** Exercise description **
Return the listing that follows exactly, with no pictures included.

** Supplied data **
-*-

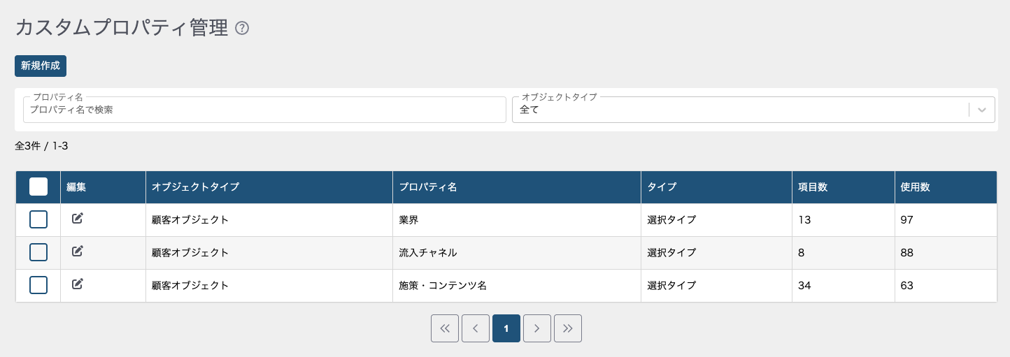 新しいタブで「カスタムプロパティ管理」が開きます。
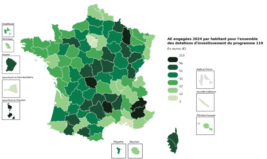 - la dotation de péréquation urbaine (DPU) pour les départements urbains, répartie selon des critères de richesse fiscale et de revenu moyen par habitant. En 2025, le montant de DPU réparti s'élevait à 596 millions d'euros ;
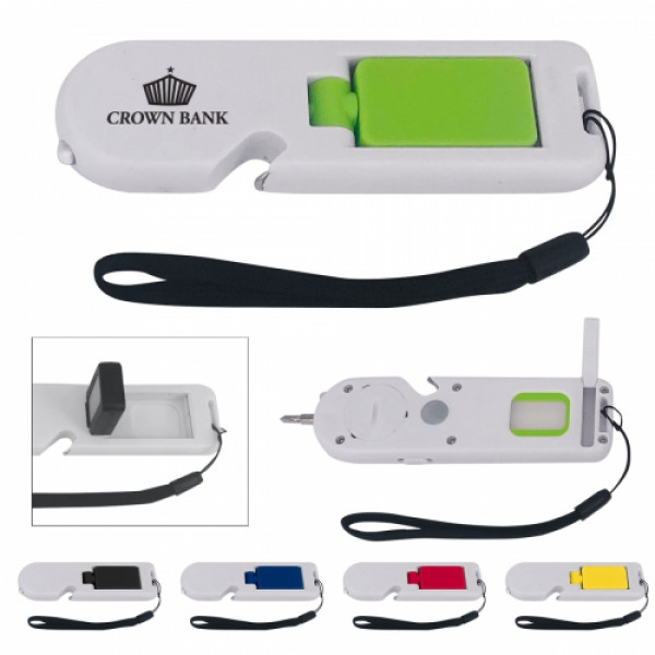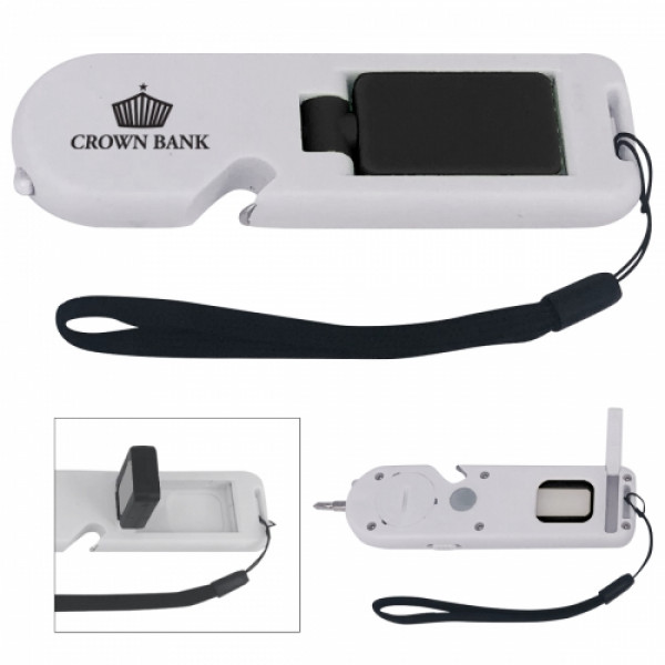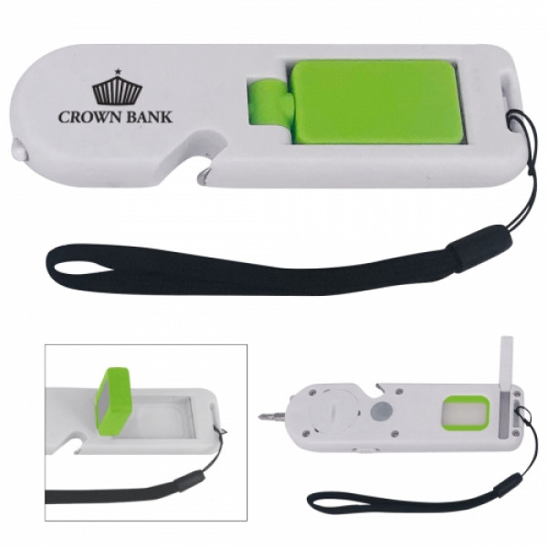 ::Extra Bright White LED Light::1 Flat Head And 1 Phillips Head Bits::Magnetic Port For Accepting Bits::Bottle Opener::Extra Bright Rotating COB Light::Slide Switch To Turn On/Off::Easy Carry Strap::Button Cell Batteries Included

-*-

** Answer space **
 新しいタブで「カスタムプロパティ管理」が開きます。
 - la dotation de péréquation urbaine (DPU) pour les départements urbains, répartie selon des critères de richesse fiscale et de revenu moyen par habitant. En 2025, le montant de DPU réparti s'élevait à 596 millions d'euros ;
 ::Extra Bright White LED Light::1 Flat Head And 1 Phillips Head Bits::Magnetic Port For Accepting Bits::Bottle Opener::Extra Bright Rotating COB Light::Slide Switch To Turn On/Off::Easy Carry Strap::Button Cell Batteries Included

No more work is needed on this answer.